Sayang sekali, dia sudah menjadi seorang ibu di usia yang masih sangat muda. Batin pria itu.

Tuan Muda Lu menarik kembali pandangannya dan bertanya, "Berapa lama dia berada di tempat itu?"

Sopir itu berkata, "Kurang dari satu menit yang lalu."

Pria itu menendang bagian belakang kursi pengemudi, "Kurang dari satu menit, dan kamu masih berani membawaku ke sini? Orangnya pasti sudah pergi dari tadi!"

Sopir itu menundukkan kepalanya dan berkata, "Maaf Tuan Muda, saya tidak melakukan pekerjaan dengan baik."

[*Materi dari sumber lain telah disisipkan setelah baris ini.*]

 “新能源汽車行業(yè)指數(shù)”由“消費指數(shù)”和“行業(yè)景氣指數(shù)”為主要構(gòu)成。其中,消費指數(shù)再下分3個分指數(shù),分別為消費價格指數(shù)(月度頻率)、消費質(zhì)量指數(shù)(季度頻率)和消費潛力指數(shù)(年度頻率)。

Lelaki itu menghisap rokoknya, dan jari-jarinya menjentikkan puting rokoknya pada asbak, "Baiklah, kembali ke Ibukota. Suruh anak buah untuk terus mencarinya."

*

Tepat pukul setengah enam, bel sekolah berbunyi. Tampak ada seorang anak laki-laki usianya sekitar tujuh atau delapan tahunan, anak laki-laki tersebut yang pertama keluar dari sekolah.

Ia berdiri di depan pintu dan melihat sekelilingnya. Ketika ia melihat Gu Mang, tatapan matanya tampak berbinar dan seketika ia langsung berlari ke arahnya. Rambutnya yang keriting tampak berantakan karena tertiup angin.

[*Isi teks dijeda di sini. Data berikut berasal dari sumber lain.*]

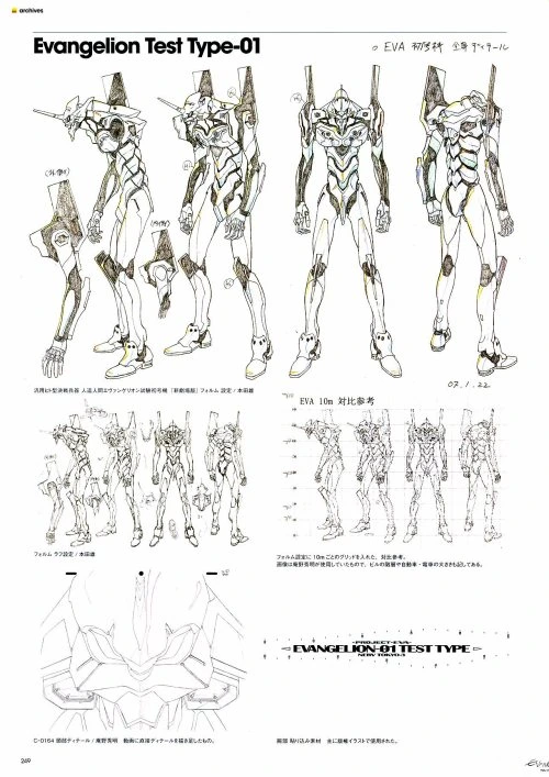 7. "일본에 오니라는 괴물이 있습니다. 이 괴물의 머리에는 2개의 뿔이 튀어나와 있는데 에바의 전체적인 이미지는 그것을 기반으로 하고 있습니다. 또한 이 '로봇 괴물'의 내부가 그다지 복잡하지 않다는 인상을 주고 싶었습니다. 로봇이지만 거대한 인간입니다."

Anak laki-laki itu melepaskan seragam sekolahnya dengan kasar lalu memasukkannya ke dalam tas sekolahnya. Ia membawa tas sekolahnya itu berlari dengan cepat ke arah Gu Mang. Ia berlari seperti ingin melarikan diri.

"Kakak!" Teriak Gu Si dari kejauhan.

Gu Mang mendongakkan kepalanya yang semula melihat ke arah ponselnya, ia melihat Gu Si berlari mendekat ke arahnya, dan berteriak, "Kenapa lari-lari?"

"Aku akhirnya bisa keluar dari tempat hantu itu, semua orang juga merayakannya!" Gu Si memutar matanya ke arah sekolah SD di belakangnya dengan jijik.

Gu Mang tersenyum dan memberikan helm kecil padanya. Gu Si memakai helm itu dengan gerakan yang sudah terlihat luwes sembari bertanya, "Gu Yin sudah pergi?"

"Iya." Gu Mang menjawab dengan santai.

Kemudian Gu Si memutar matanya lagi dan berkata dengan acuh, "Idiot."

Gu Mang mengulurkan lengannya lalu mengangkat adiknya, dan melemparkannya ke kursi belakang, dan melemparkan tasnya yang berat itu pada adiknya, "Untuk apa kamu menghinanya?"

"Dia tidak punya otak, siapa yang tidak akan menghinanya?" Gu Si memeluk tas hitam besar itu dengan erat, dan dengan reflek ia berkata, "Dia mungkin berpikir bahwa keluarga Lei akan peduli padanya? Mereka hanya mengincar Gu Yin karena memiliki harta warisan!"

Gu Mang menendang jagang motornya, lalu menginjak pedal gigi, dan motor melaju dengan kencang di jalan raya.

Saat melewati sebuah mobil sedan hitam yang berhenti di pinggir jalan, jendela mobil itu perlahan mulai dinaikkan, dan Gu Mang melihat secara sekilas wajah pria yang ada di dalam mobil itu.

Sambil mengendarai motornya, Gu Mang mengangkat alis dan lengkungan sudut mulutnya terlihat samar.

"Kak, kita mau kemana?" Tanya Gu Si sambil memeluk pinggang kakaknya.

"Bandara." Gu Mang berkata dengan malas, "Ayo pergi ke Kota Ming, ke rumah Paman Lu."